These results show the same trend – performance of semi-automated algos is superior with outperformance particularly marked in higher MDV type orders.
Where do we go from here
One reason for looking into this was to explore further scalability of our business i.e. if there is any deterioration in trading performance with maximum usage of algos. One Head of Execution Services had mentioned that our desk is the most scalable one he knows as we have been able to cope with large fluctuations in turnover without any change to headcount. This study shows that although efficiency can be enhanced by use of DMA tools and algorithms, the best results to the clients are achieved by a combination of trader judgement (e.g. by picking stock levels, market timing) and algorithms rather than use of fully automated algos. Differences in results are particularly marked in higher MDV orders. This has several implications for buy side trading desks. The average desk MDV (median daily volume) is a good indication of optimal algorithm usage for the desk. While desks with low average daily volume ( 20% or less as suggested by these results) may benefit from lower automation, higher average MDV desks do better with constructive trader input.

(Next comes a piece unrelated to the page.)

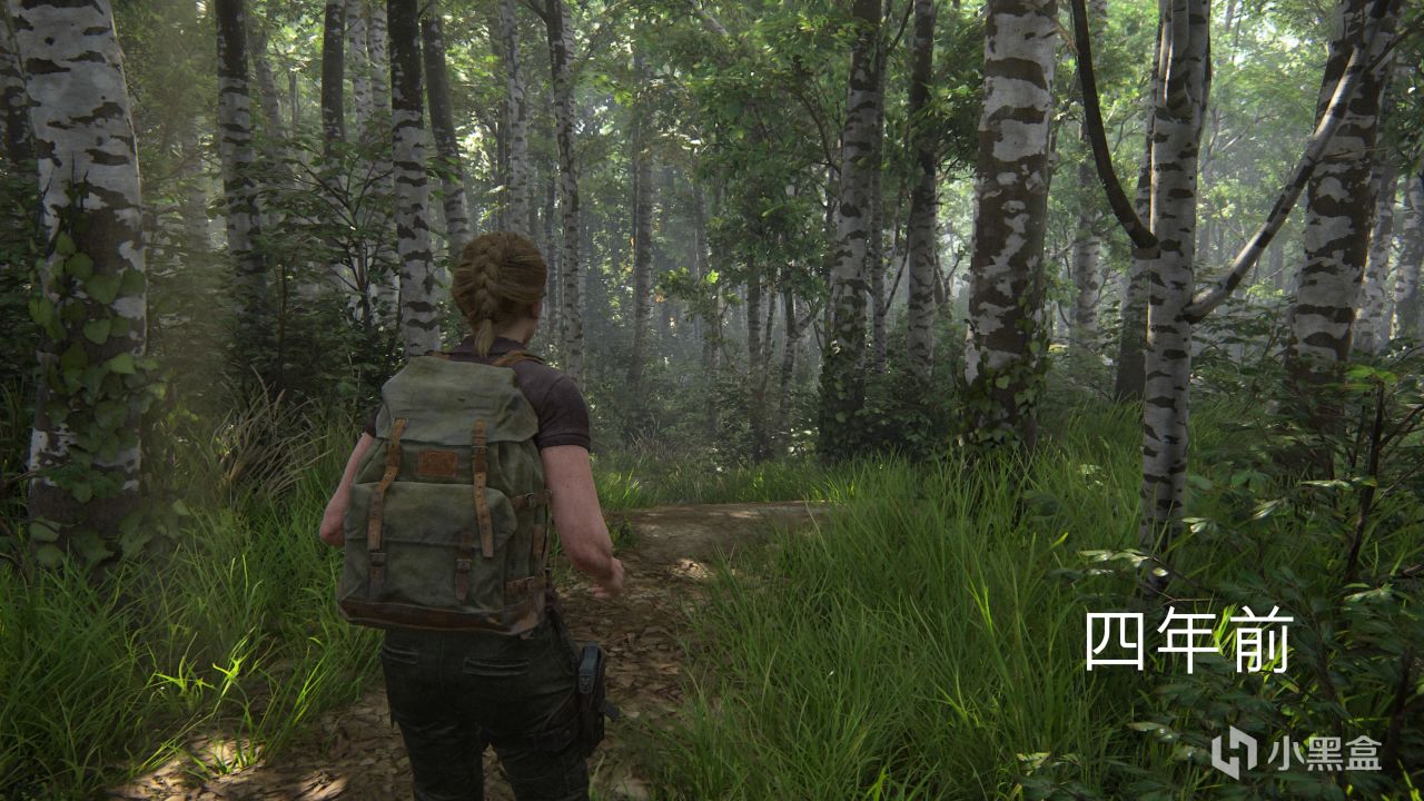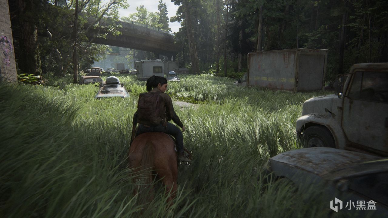 當然,本作在植被的環境動態交互上,比以“風”爲核心的《對馬島之魂》還是略遜一籌。同時,本作也通過無法跨越的灌木來實現場景的分割以降低模型數量,並藉助大量的播片與轉場動畫以及PS5的高速SSD來實現小場景的隱藏加載。地形的限制與大量播片的插入,也讓以沉浸式電影化敘事爲主打的本作略有些出戏,但並不妨礙頑皮狗憑藉其高超的技術力將一個虛幻卻幾近真實的世界搬到了每一個玩家的熒幕之中。

Amongst our automated algo suite, the algos we use most are the ones which enable us to accumulate or sell stock at certain levels while causing minimal market impact. Conversations with our brokers are therefore centred around refinement of their algos in such a way that allows us to trade size and yet not reveal our intent.
Automated algos too will continue to evolve to become less commoditised and more customised. We do have conversations with brokers around development of specialised, customised algos for us; however, we seem to perform better with those algos that require more manual intervention. Every desk will be different in this respect; that’s not surprising as there isn’t just one way to achieved desired outcomes.